Bater Cabeça na Umbanda - Tenda de Umbanda Luz e Caridade - Tulca

02/08/2012

Bater Cabeça na Umbanda

Bater Cabeça na Umbanda

Bater cabeça é um ato de respeito e obediência aos orixás. Significa que nossa cabeça, que simbolicamente é a parte mais importante da matéria e que comanda todo o nosso corpo, está se subordinando ao poder dos Orixás e aos fundamentos da Umbanda.

O ato de bater cabeça, talvez seja a parte da ritualística umbandista cuja simbologia esteja no inconsciente coletivo da humanidade desde o princípio dos tempos. O ato de levar a cabeça ao solo é encontrado, praticamente, em todas as religiões.

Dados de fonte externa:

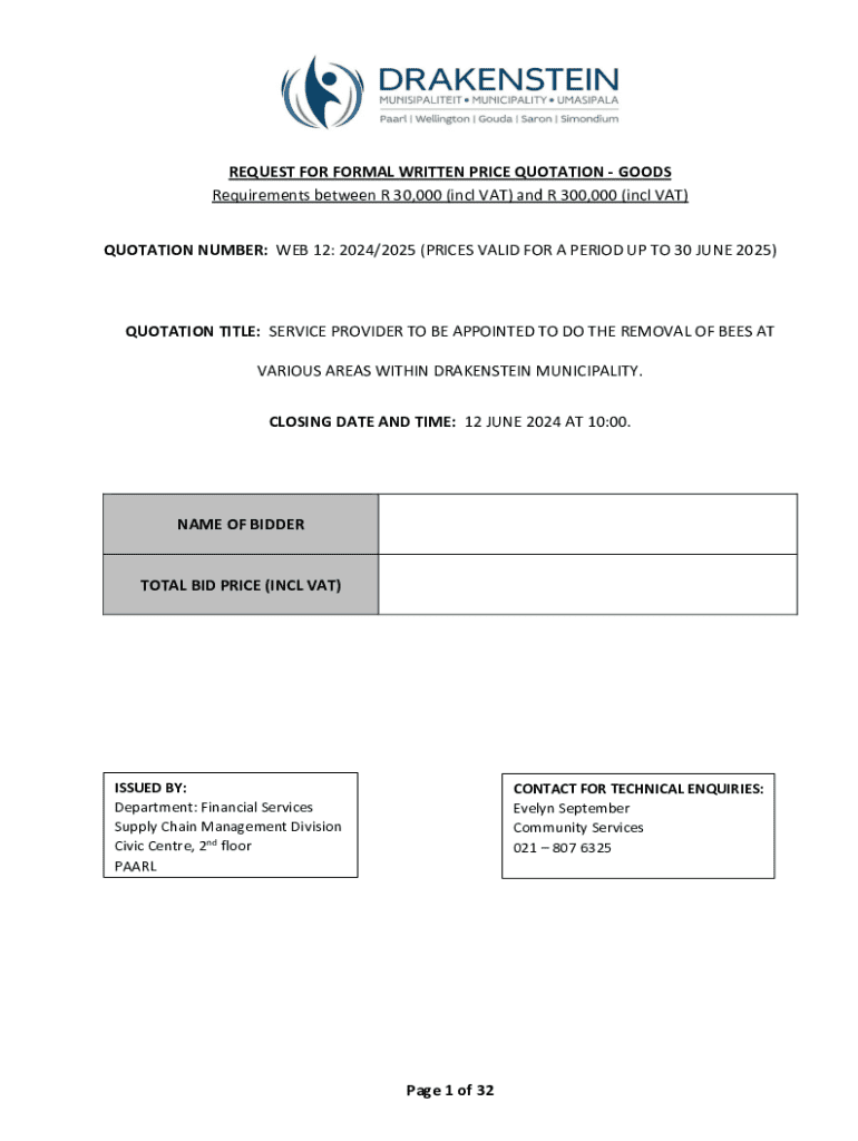 REQUEST FOR FORMAL WRITTEN PRICE QUOTATION GOODS Requirements between R 30,000 (incl VAT) and R 300,000 (incl VAT) QUOTATION NUMBER: WEB 12: 2024/2025 (PRICES VALID FOR A PERIOD UP TO 30 JUNE 2025)QUOTATION

Antes da abertura dos trabalhos religiosos, os médiuns devem bater cabeça para os Orixás perante o Congá. Para isso, o médium deve posicionar-se de bruços e deitado em frente ao Congá, com as mãos no mesmo nível que a cabeça. Nesse momento, o ato de bater cabeça representa um ato de humildade, obediência e resignação aos preceitos religiosos da Umbanda.

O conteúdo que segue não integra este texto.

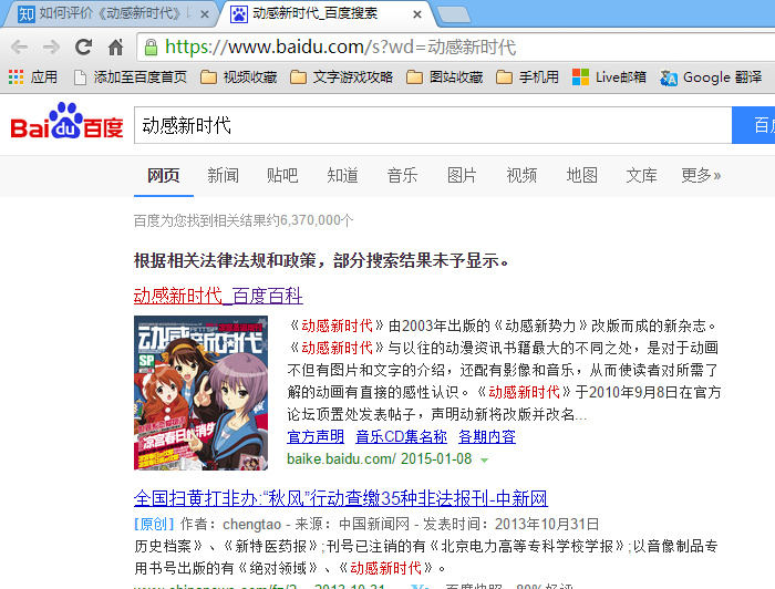 有网友在网上搜索“动感新时代”的关键字,发现多了一行“部分搜索结果未予显示”。“我不知道为什么搜索一本动漫杂志也会有如此待遇”,他这样说道。但是眼尖的网友看出,在搜索结果的第二项就已经给出了答案。
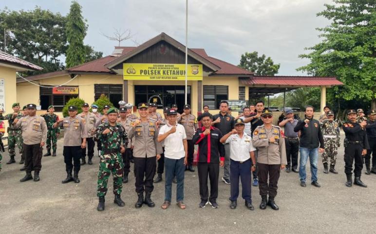 Bengkulu Utara - Polsek Ketahun melaksanakan apel gabungan dalam rangka patroli bersama menciptakan Kamtibmas yang kondusif di halaman Mapolsek Ketahun Minggu (31/12/2023) pukul 17.00 WIB.
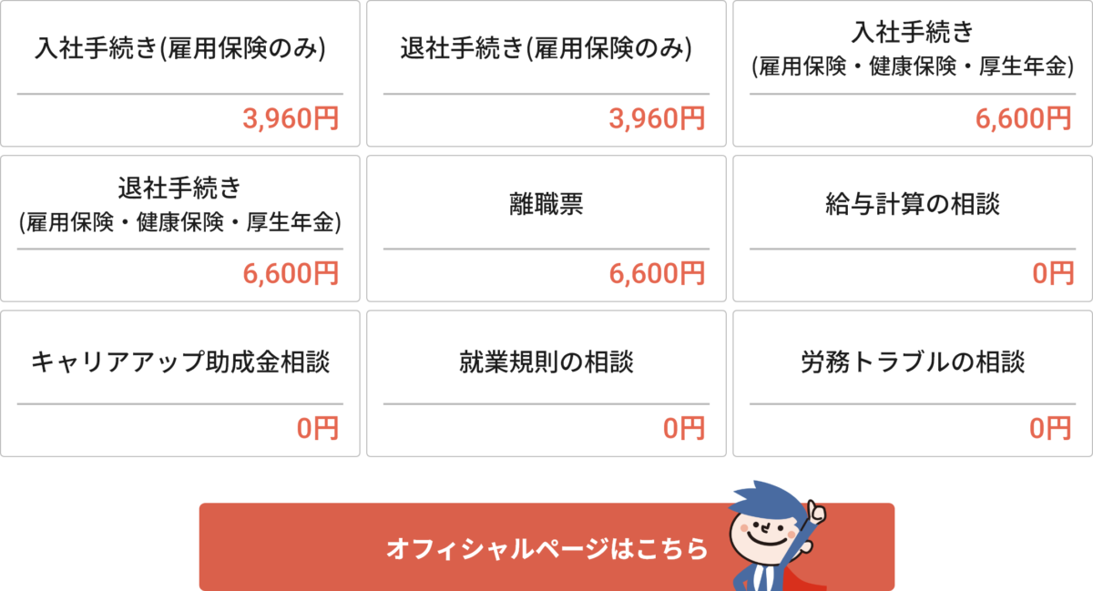 労働保険料の申告納付手続を申請代行します。健保組合などの場合は別途費用が必要です。該当する場合は担当よりご案内します。
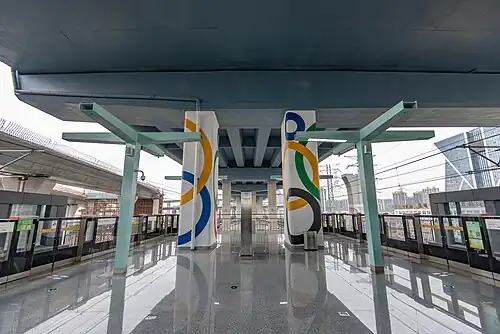Olympic Sports Center station,[1] originally in the plan, it was called Guangyuan Road station. This is a planned elevated three-story subway station with an island platform. The station is served for Line 4 of Ningbo Rail Transit as a destination terminal which was started to construct since 2015.[2][3][4]

Deve-se, em uma rápida prece mental, pedir a licença para trabalhar “neste chão” e pedir auxílio a Deus, aos Orixás e aos Guias espirituais, para um melhor desempenho de nossas funções mediúnicas, recebendo o axé dos Orixás donos deste Templo Sagrado.

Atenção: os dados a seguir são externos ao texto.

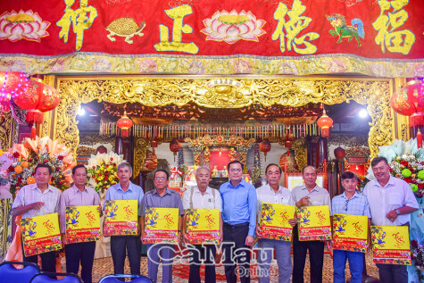 Dịp này, đoàn công tác trao quà của Tỉnh uỷ - HĐND - UBND - Uỷ ban MTTQ Việt Nam tỉnh Cà Mau tặng đến đại điện Phước Đức Cổ Miếu và Miếu Minh Nguyệt Cư Sĩ Lâm; đồng thời tặng quà 20 vị cao niên, trưởng ban quản lý các Hội, Đoàn người Hoa
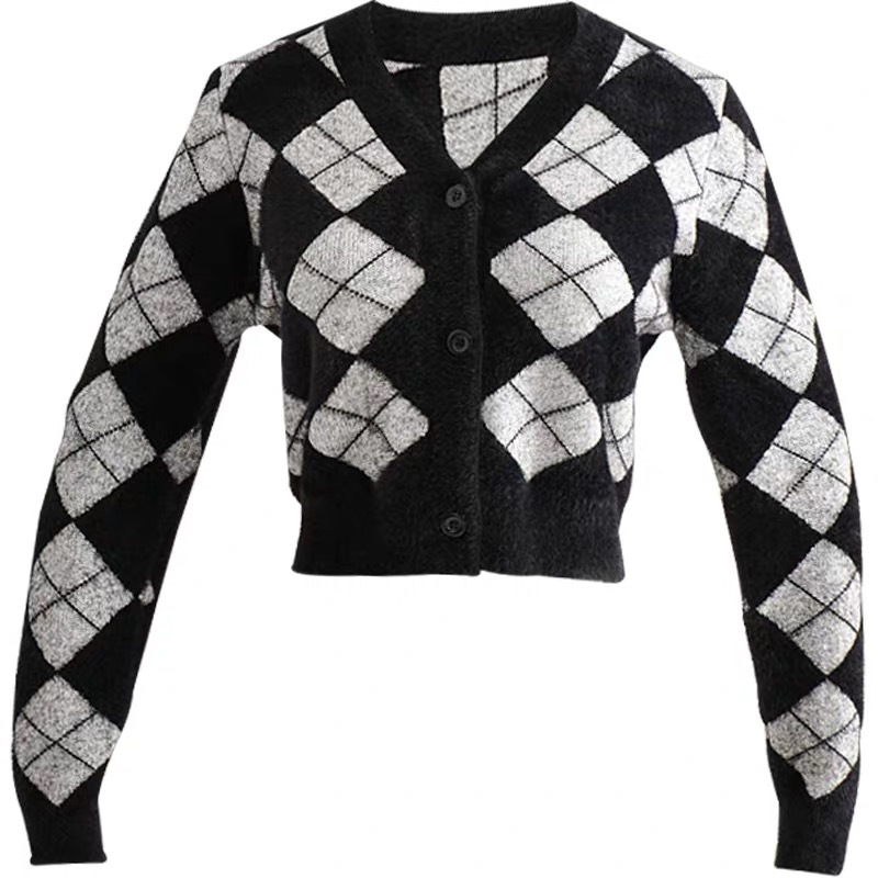 Women's Rhombus Slim Fit Slim V-Neck Long Sleeve Jacket

Bater cabeça também é reverenciar. Esse ato é feito somente pelos membros da corrente mediúnica do terreiro e é feito em respeito às firmezas dos Orixás e das entidades presentes. Bate-se a cabeça a fim de pedir proteção e fluidificar-se para as tarefas, recebendo as energias concentradas no congá.

Quando feito no chão, em frente ao congá, é importante tocar a cabeça no chão mesmo, com humildade, uma das premissas de nossa religião.

Há momentos em que se bate cabeça para o Pai/Mãe de Santo do Terreiro ou os mais velhos na religião em sinal de respeito (vale observar que o respeito ao seu “Pai de Santo” é fundamental e definitivo no caminho da espiritualidade, pois ele é o condutor de sua vida espiritual e religiosa). Em algumas casas também se bate cabeça tanto nos pontos de força ou energia (a tronqueira e os atabaques).

Nossa religião é ritualística, então se no inicio batemos a cabeça para pedir licença, proteção e bons trabalhos, no final batemos a cabeça agradecendo pelos trabalhos e pedindo a proteção até a próxima gira.